Created attachment 1001003 [details] host logs In the Hyper Converged configuration gluster daemon is configured and running on the host. Hosted Engine Setup creates a local brick and use it for creating a master data storage domain where to deploy the Hosted Engine VM. Once the VM is deployed and the engine is running, the setup uses the SDK to add the host to the cluster. ovirt-host-deploy is then executed by the engine. At this point the mount point under /rhev used by the data storage domain disappears and the Hosted Engine VM enters paused state. In the mount logs: [2015-02-12 15:33:45.223019] W [glusterfsd.c:1194:cleanup_and_exit] (--> 0-: received signum (15), shutting down [2015-02-12 15:33:45.223040] I [fuse-bridge.c:5599:fini] 0-fuse: Unmounting '/rhev/data-center/mnt/glusterSD/mididell.home:_hosted__engine__glusterfs'. It seems that something is terminating glusterd with sigterm. Restarting glusterd shouldn't be causing it and ovirt-host-deploy and ovirt-hosted-engine-setup are not sending sigterm.

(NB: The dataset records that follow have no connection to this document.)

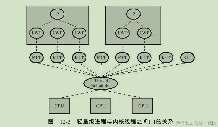 程序一般不会直接去使用内核线程,而是去使用内核线程的一种高级接口——轻量级进程(Light Weight Process,LWP),轻量级进程就是我们通常意义上所讲的线程,由于每个轻量级进程都由一个内核线程支持,因此只有先支持内核线程,才能有轻量级进程。这种轻量级进程与内核线程之间1:1的关系称为一对一的线程模型,如图所示。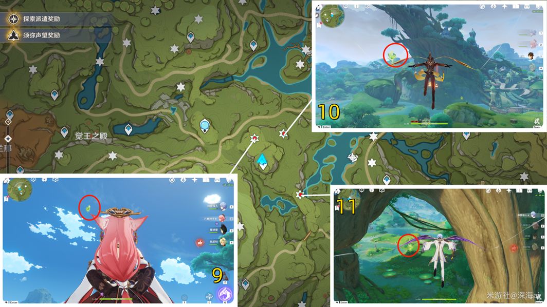 注:9-11处需要在梦境里获取,梦境中桓那兰那地图偏紫,若不在梦境里就来到此处用老旧的诗琴弹奏乐曲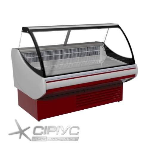 Дане обладнання виробляється з вбудованим агрегатом, фронтальним гнутим розпеченим склом. Панель управління оснащена термоконтролер Carel з функцією автоматичного відтаювання. Для більш ефективної роботи - обладнання вироблено з двома тенами, що має величезну перевагу на ряду з такими вітринами інших виробників. Демонстраційна частина і полка продавця зроблені з нержавіючої сталі. Шторки з оргскла, стаціонарна розетка - 220 В. Корпус - з фарбованого оцинкованого металу 0,65 міліметрів з пенополіуретановим заповненням.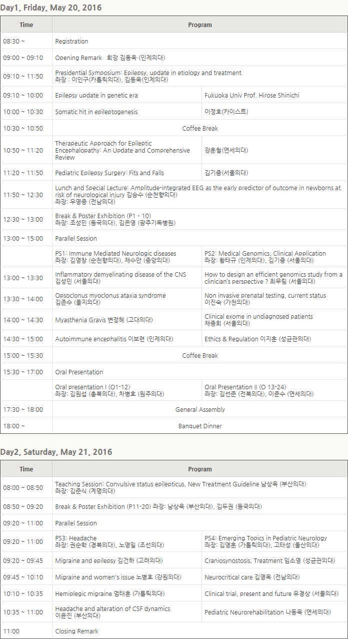 2016년 제44차 대한소아신경학회 학술대회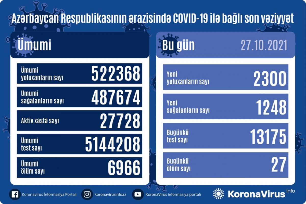 Xatırladaq ki, 26 oktyabr 2021-ci il tarixində 2266 yoluxma faktı və 24 ölüm qeydə alındığı açıqlanmışdı. 13 Dekabr 2020-ci il tarixində açıqlanmış fakt (4451) bugünədək qeydə alınmış ən yüksək günlük yoluxma sayı idi.

Created attachment 1001005 [details] hosted engine vm logs
Host is RHEL 7.1 fabric script for installing rpms used for the test: testing(): fabric.api.run('yum -y install glusterfs-server python-magic') urls = [ ('http://jenkins.ovirt.org/job/' 'ovirt-hosted-engine-setup_any_create-rpms_manual/11/ARCH=x86_64,' 'DISTRIBUTION=epel-7/artifact/exported-artifacts/' 'ovirt-hosted-engine-setup-1.2.3-0.0.master.el7.centos.noarch.rpm') ] for package in ( 'vdsm-4.16.12-7.gita30da75.el7.centos.x86_64.rpm', 'vdsm-cli-4.16.12-7.gita30da75.el7.centos.noarch.rpm', 'vdsm-python-zombiereaper-4.16.12-7.gita30da75.el7.centos.noarch.rpm', 'vdsm-jsonrpc-4.16.12-7.gita30da75.el7.centos.noarch.rpm', 'vdsm-xmlrpc-4.16.12-7.gita30da75.el7.centos.noarch.rpm', 'vdsm-yajsonrpc-4.16.12-7.gita30da75.el7.centos.noarch.rpm', 'vdsm-python-4.16.12-7.gita30da75.el7.centos.noarch.rpm', 'vdsm-gluster-4.16.12-7.gita30da75.el7.centos.noarch.rpm', ): urls.append( 'http://jenkins.ovirt.org/job/manual-build-tarball/490/label=el7/' 'artifact/exported-artifacts/%s' % package ) fabric.api.run('rpm -Uvh --force ' + ' '.join(urls)) gluster rpms come from http://download.gluster.org/pub/gluster/glusterfs/3.6/3.6.2/ other ovirt rpms are from nightly master snapshot.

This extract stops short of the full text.